#### GOAL OF THE EXERCISE
Exact transcription begins at the first line of the material below and ends with the line holding "Каркас изготовлен из"; pictures are skipped.

#### MATERIAL PROVIDED
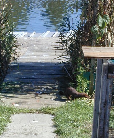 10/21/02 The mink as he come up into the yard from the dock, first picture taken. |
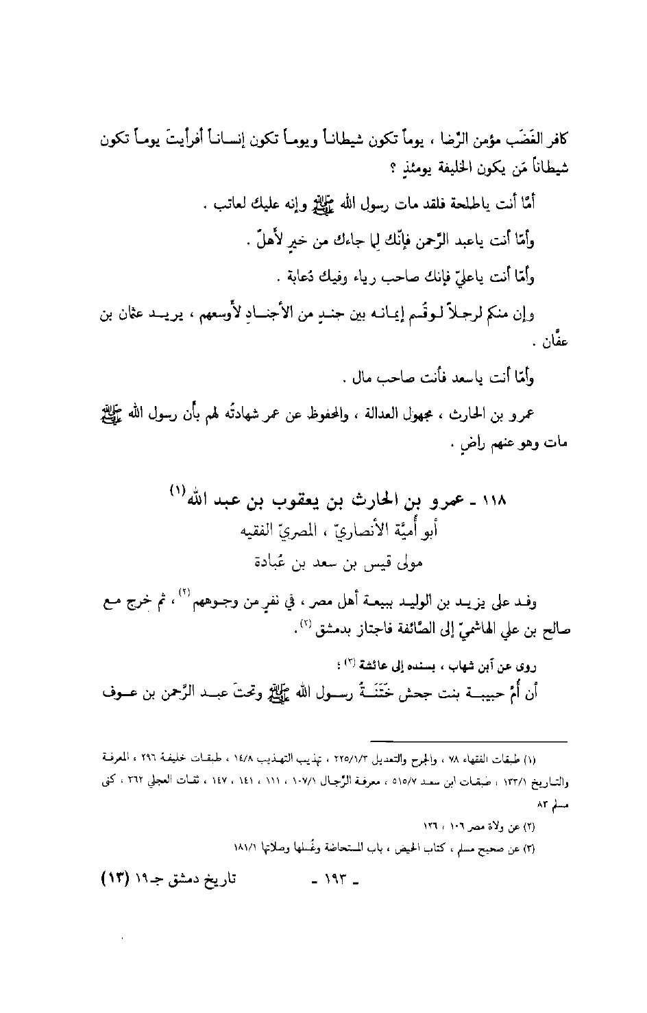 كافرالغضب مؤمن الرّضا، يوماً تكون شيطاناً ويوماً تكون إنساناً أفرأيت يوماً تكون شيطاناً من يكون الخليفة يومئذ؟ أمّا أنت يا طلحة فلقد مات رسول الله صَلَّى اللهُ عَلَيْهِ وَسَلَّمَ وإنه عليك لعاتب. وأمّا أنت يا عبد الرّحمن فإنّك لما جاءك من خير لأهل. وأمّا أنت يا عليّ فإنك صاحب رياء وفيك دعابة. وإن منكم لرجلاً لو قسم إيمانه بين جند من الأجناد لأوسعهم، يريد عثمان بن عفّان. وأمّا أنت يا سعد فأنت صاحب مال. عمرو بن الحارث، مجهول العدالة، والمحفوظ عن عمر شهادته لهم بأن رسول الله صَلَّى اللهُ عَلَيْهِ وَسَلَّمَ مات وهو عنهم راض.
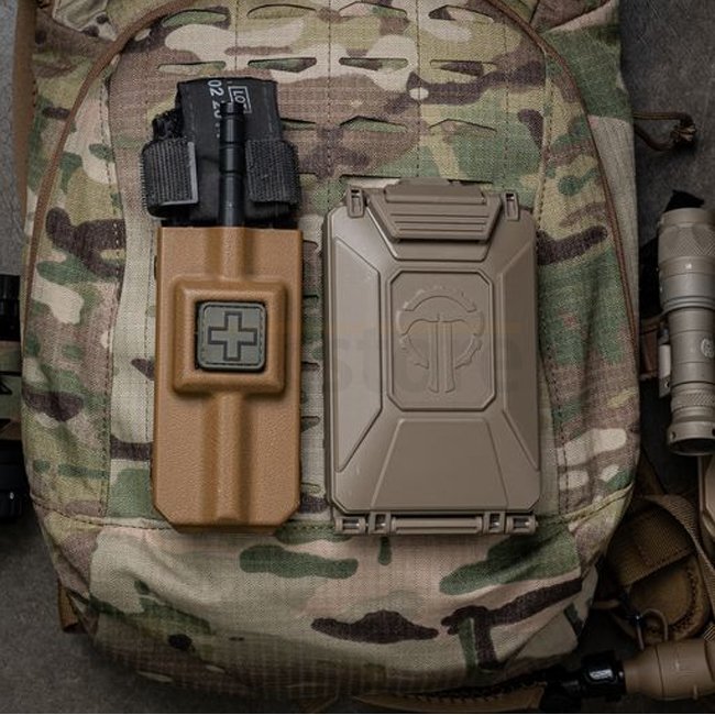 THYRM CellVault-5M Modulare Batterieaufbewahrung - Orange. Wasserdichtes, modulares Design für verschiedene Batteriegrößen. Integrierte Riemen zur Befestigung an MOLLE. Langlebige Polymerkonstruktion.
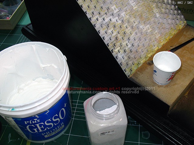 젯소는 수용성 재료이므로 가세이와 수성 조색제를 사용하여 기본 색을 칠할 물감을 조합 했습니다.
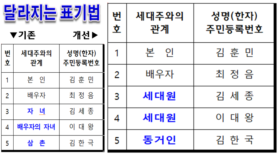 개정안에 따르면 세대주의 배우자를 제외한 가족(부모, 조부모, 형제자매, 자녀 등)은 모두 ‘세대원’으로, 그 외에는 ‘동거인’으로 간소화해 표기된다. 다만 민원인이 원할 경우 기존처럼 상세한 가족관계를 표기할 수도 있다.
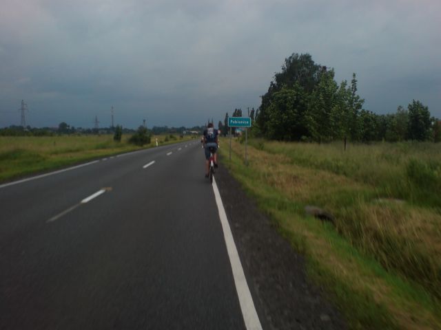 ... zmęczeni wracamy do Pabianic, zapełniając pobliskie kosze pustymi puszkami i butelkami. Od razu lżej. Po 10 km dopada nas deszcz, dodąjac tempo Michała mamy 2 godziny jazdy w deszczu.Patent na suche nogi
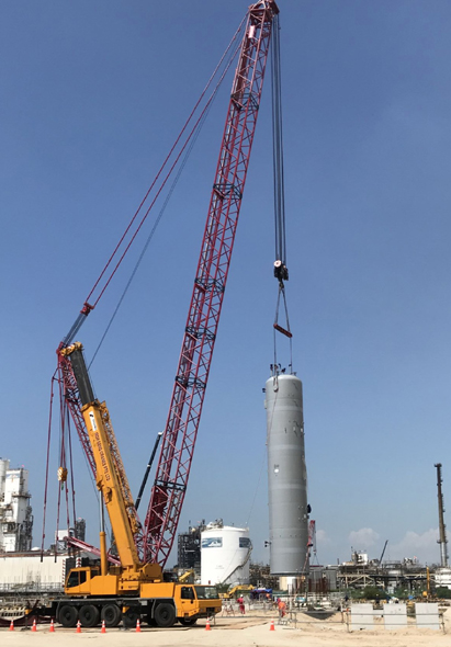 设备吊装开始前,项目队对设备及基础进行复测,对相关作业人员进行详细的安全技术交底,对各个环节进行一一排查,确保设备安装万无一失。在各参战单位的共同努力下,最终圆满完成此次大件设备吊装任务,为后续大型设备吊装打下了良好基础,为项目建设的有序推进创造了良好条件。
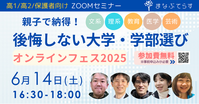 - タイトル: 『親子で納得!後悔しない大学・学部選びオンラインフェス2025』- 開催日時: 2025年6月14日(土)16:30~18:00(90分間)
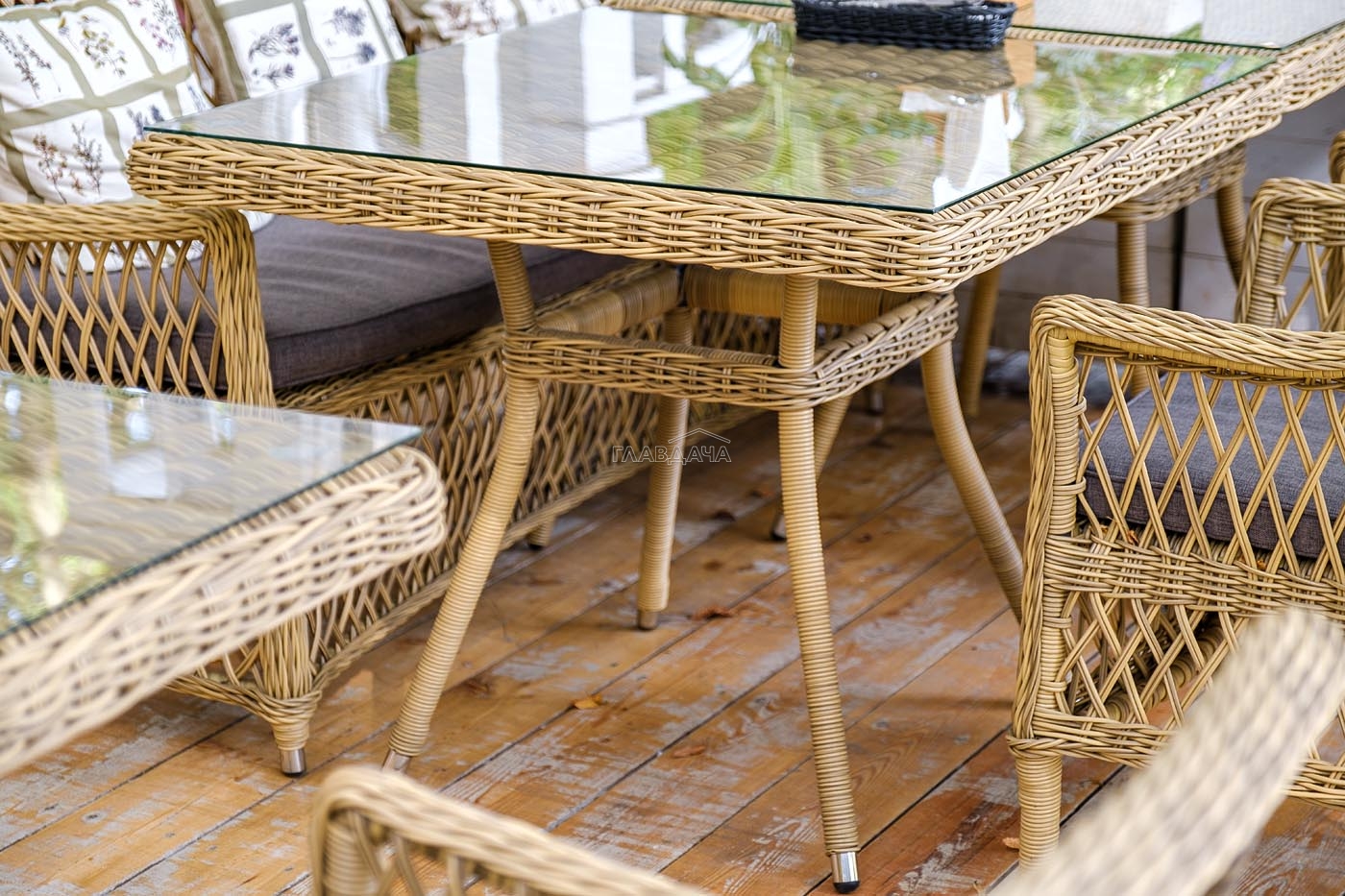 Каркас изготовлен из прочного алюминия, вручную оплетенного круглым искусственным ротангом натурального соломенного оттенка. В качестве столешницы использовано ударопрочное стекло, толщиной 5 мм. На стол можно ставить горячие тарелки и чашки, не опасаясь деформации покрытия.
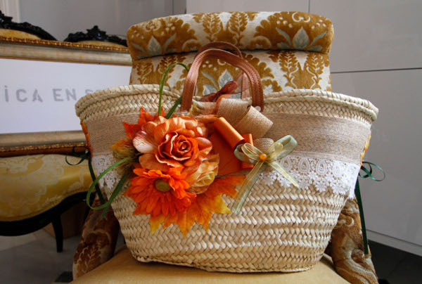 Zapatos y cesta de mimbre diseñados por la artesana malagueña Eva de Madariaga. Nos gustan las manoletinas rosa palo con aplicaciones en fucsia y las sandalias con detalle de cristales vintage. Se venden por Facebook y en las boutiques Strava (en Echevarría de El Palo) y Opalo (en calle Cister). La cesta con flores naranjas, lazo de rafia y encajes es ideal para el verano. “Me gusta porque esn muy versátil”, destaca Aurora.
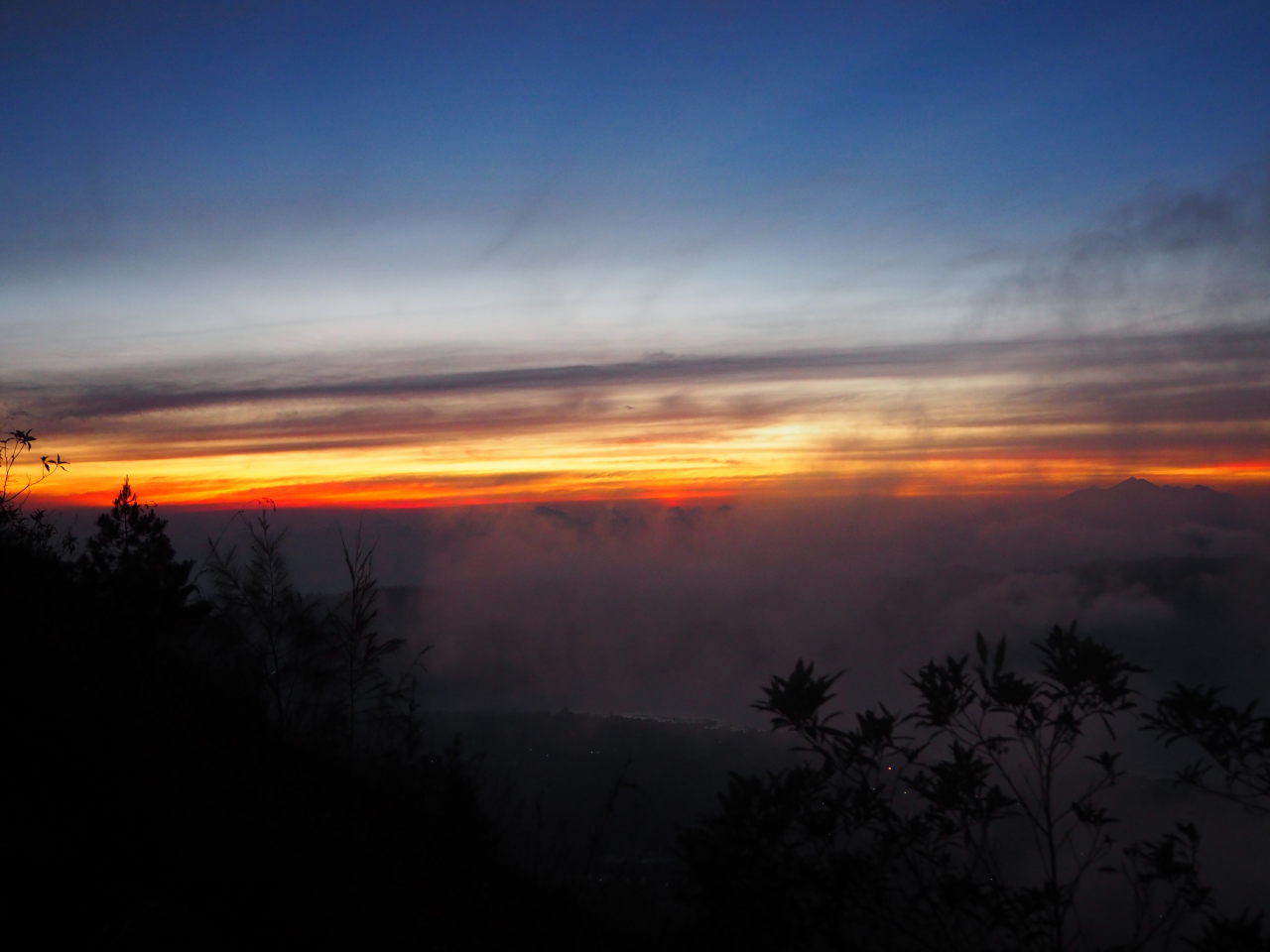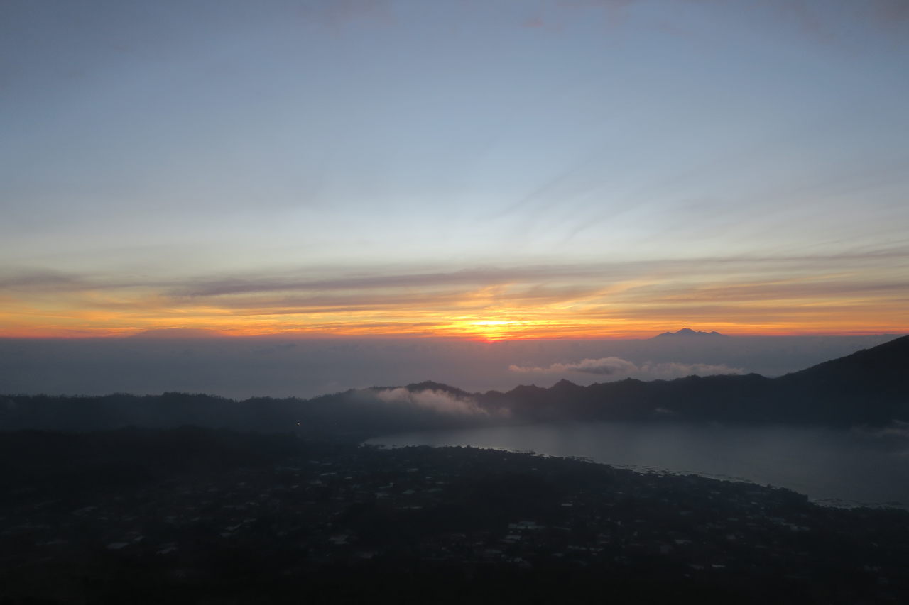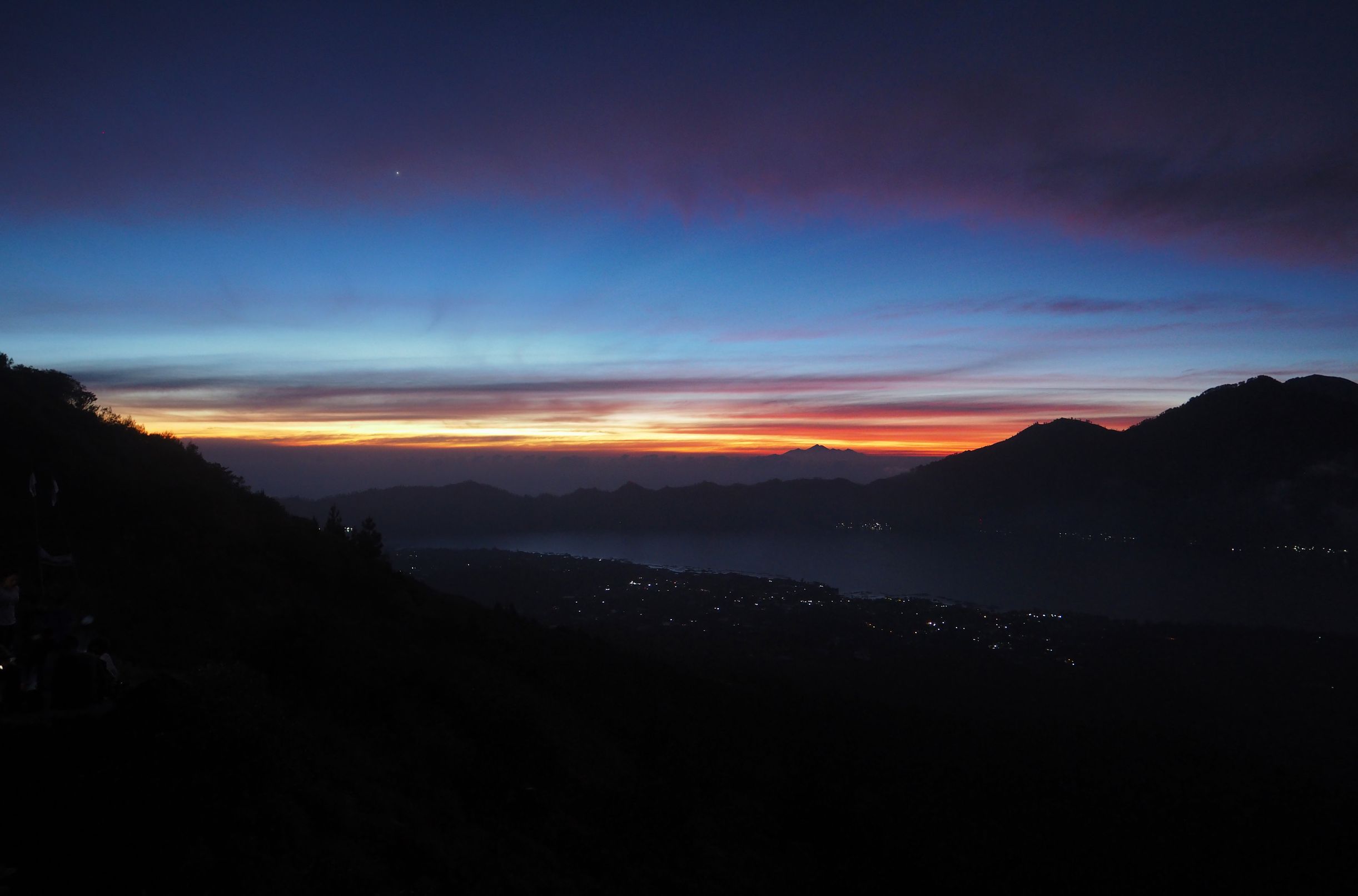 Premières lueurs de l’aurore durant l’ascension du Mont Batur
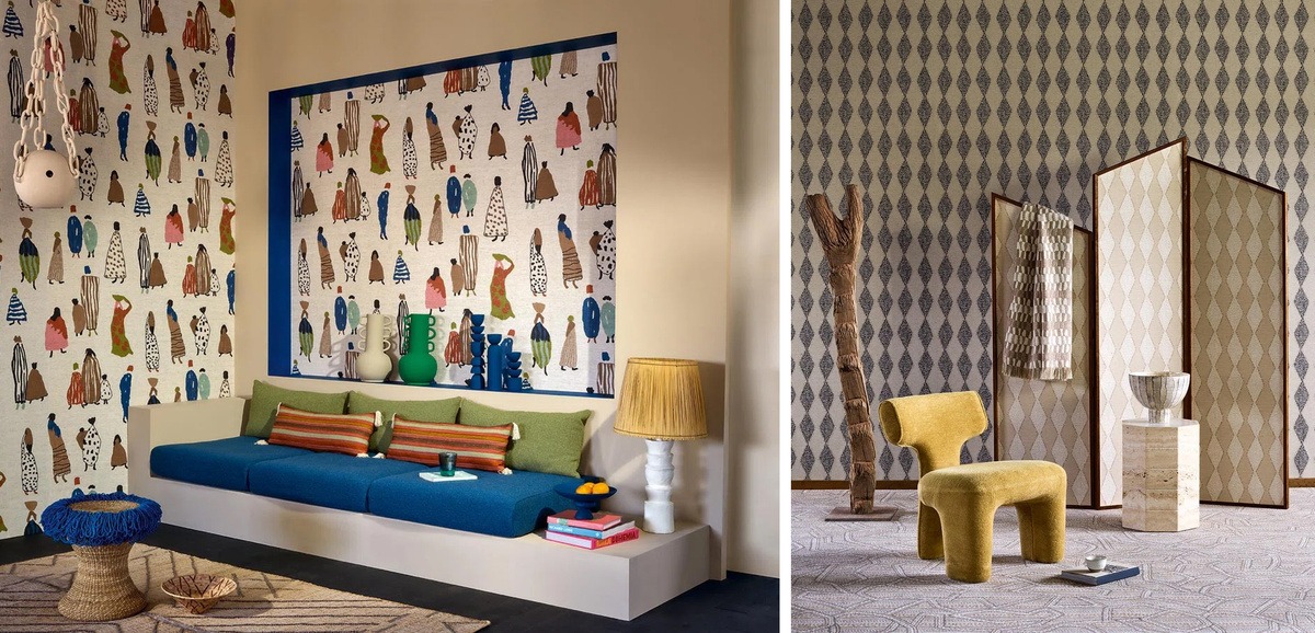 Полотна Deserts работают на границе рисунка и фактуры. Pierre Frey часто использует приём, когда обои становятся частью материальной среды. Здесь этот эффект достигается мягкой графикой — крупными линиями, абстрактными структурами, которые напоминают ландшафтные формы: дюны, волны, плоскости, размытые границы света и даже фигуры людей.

#### RESULT OF THE EXERCISE
 10/21/02 The mink as he come up into the yard from the dock, first picture taken. |
 كافرالغضب مؤمن الرّضا، يوماً تكون شيطاناً ويوماً تكون إنساناً أفرأيت يوماً تكون شيطاناً من يكون الخليفة يومئذ؟ أمّا أنت يا طلحة فلقد مات رسول الله صَلَّى اللهُ عَلَيْهِ وَسَلَّمَ وإنه عليك لعاتب. وأمّا أنت يا عبد الرّحمن فإنّك لما جاءك من خير لأهل. وأمّا أنت يا عليّ فإنك صاحب رياء وفيك دعابة. وإن منكم لرجلاً لو قسم إيمانه بين جند من الأجناد لأوسعهم، يريد عثمان بن عفّان. وأمّا أنت يا سعد فأنت صاحب مال. عمرو بن الحارث، مجهول العدالة، والمحفوظ عن عمر شهادته لهم بأن رسول الله صَلَّى اللهُ عَلَيْهِ وَسَلَّمَ مات وهو عنهم راض.
 THYRM CellVault-5M Modulare Batterieaufbewahrung - Orange. Wasserdichtes, modulares Design für verschiedene Batteriegrößen. Integrierte Riemen zur Befestigung an MOLLE. Langlebige Polymerkonstruktion.
 젯소는 수용성 재료이므로 가세이와 수성 조색제를 사용하여 기본 색을 칠할 물감을 조합 했습니다.
 개정안에 따르면 세대주의 배우자를 제외한 가족(부모, 조부모, 형제자매, 자녀 등)은 모두 ‘세대원’으로, 그 외에는 ‘동거인’으로 간소화해 표기된다. 다만 민원인이 원할 경우 기존처럼 상세한 가족관계를 표기할 수도 있다.
 ... zmęczeni wracamy do Pabianic, zapełniając pobliskie kosze pustymi puszkami i butelkami. Od razu lżej. Po 10 km dopada nas deszcz, dodąjac tempo Michała mamy 2 godziny jazdy w deszczu.Patent na suche nogi
 设备吊装开始前,项目队对设备及基础进行复测,对相关作业人员进行详细的安全技术交底,对各个环节进行一一排查,确保设备安装万无一失。在各参战单位的共同努力下,最终圆满完成此次大件设备吊装任务,为后续大型设备吊装打下了良好基础,为项目建设的有序推进创造了良好条件。
 - タイトル: 『親子で納得!後悔しない大学・学部選びオンラインフェス2025』- 開催日時: 2025年6月14日(土)16:30~18:00(90分間)
 Каркас изготовлен из прочного алюминия, вручную оплетенного круглым искусственным ротангом натурального соломенного оттенка. В качестве столешницы использовано ударопрочное стекло, толщиной 5 мм. На стол можно ставить горячие тарелки и чашки, не опасаясь деформации покрытия.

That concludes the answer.